F. Judged but Vindicated Sufferers: "For it is time for judgment to begin with the household of God."
1. The relation of the "judgment" to the suffering in the preceding verses.
a. The "for" is Greek hoti, meaning "because," and thus shows that the judgment coming on God's people is related to their suffering as Christians.
b. The word "judgment" can refer to final judgment or it can refer to a temporary judgment such as discipline, chastisement and testing. This is the meaning in 1st Cor. 11:31-34.
c. God's judgment thus begins with God's household (the church, 1st Tim. 3:15), through persecution and suffering.
2. How the judgment ends with the wicked: "and if it begins with us first, what will be the outcome for those who do not obey the gospel of God?"
a. Christians are vindicated when God's judgment ends in the final condemnation of the wicked which will be a greater punishment than any persecution. Heb. 10:28-29 ff.

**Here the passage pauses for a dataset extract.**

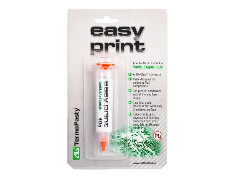 Paszta SMD alkatrészek forrasztására olyan gyártási folyamatokban, amelyek nem tartalmaznak mosási fázist. „No clean” folyasztószeren alapul, amely nem igényel tisztítást és maradványai nem okoznak korróziós központokat. A termék minden ólommentes ötvözettel együttműködik, jó tapadósságot és a forrasztott felület nedvesíthetőségét mutatja. Fizikai és kémiai tulajdonságait nem veszíti el még azután sem, hogy 20 órán át a PCB-n áll. Ez az idő a helyiség körülményeitől függ: páratartalom és hőmérséklet.
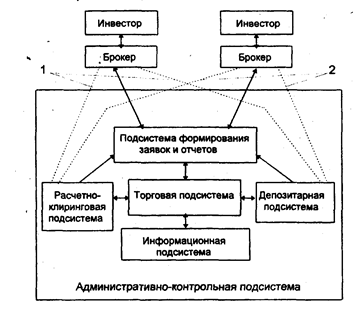 Административно-контрольная подсистема. Одна из причин появления организованного рынка - стремление его участников снизить риск при заключении сделок. Таким образом, основная функция административно-контрольной подсистемы заключается в "надзоре" за деятельностью всех подсистем биржи и деятельностью участников биржевого процесса (брокеров). На NYSE "подозрительные" сделки выявляет электронная система мониторинга Stock Watch. По отобранным сделкам запрашивается информация у участников торгов, анализируется возможность получения ими "закрытой" информации. Кроме того, функцией административной подсистемы является и "настройка" подсистем и персонала биржи на определенный биржевой процесс.

b. A good parallel passage of thought is 2nd Thess. 1:4-9 where Paul says that persecution and suffering are a "plain indication of God's righteous judgment so that we may be considered worthy of the kingdom of God for which indeed we are suffering."(v.5) but then Paul goes on to say that God's judgment will then fall on the wicked who have persecuted Christian's "when the Lord shall be revealed from heaven with His mighty angles in flaming fire, dealing out retribution to those who do not know God and to those who do not obey the gospel of our Lord Jesus." (vs. 7-8).
3. The Difficulty of the Righteous being saved. "And if it is with difficulty that the righteous be saved...."
a. This does not mean that the righteous will "Scarcely be saved as the KJV expresses it.
b. The term with "difficulty" as Paul's ship was saved only after passing through great difficulty. Acts 27: 7,8,16.
c. The context is that the righteous can be saved only by passing through much suffering and tribulation as in Acts 14:22.
"Through many tribulations we must enter the kingdom of God." Rom. 8:17says we are heirs of glory only if we suffer with Christ.
d. This is not a reference to Matt. 7:14. "Few are those who find it." In the context the righteous are the few and and many are the wicked.
4. The Greater Difficulty of the End of the Wicked: "and it is with difficulty that the righteous be saved, what will become of the godless man and the sinner?"
a. If God will allow his own people to be judged and to suffer the difficulties of being reviled or slandered, to have their possessions confiscated and beheaded, what will happen to the wicked who perpetuated the crimes against his people?
b. With the same certainty that the righteous be saved, though with much difficulty and suffering (Mk. 10:30), the wicked shall not escape even greater judgment on the final day. (Rom. 2:9-10).
5. Judgment begins with persecution of God's people and ends
with the final punishment of the wicked.
G. Committed Sufferers: "Therefore let those also suffer according to the will of God entrust their souls to a faithful creator in doing what is right."
1. Responsibility and Need of Sufferers: commit your souls to the Creator who can care for you, protect and reward you.
a. The word, commit is defined as "to entrust something to someone to care and protect."
b. When suffering, the Christian must entrust their souls and bodies to God.
2. The means of entrusting our souls and bodies while suffering: "in doing what is right." Do not let up on your service to God while suffering.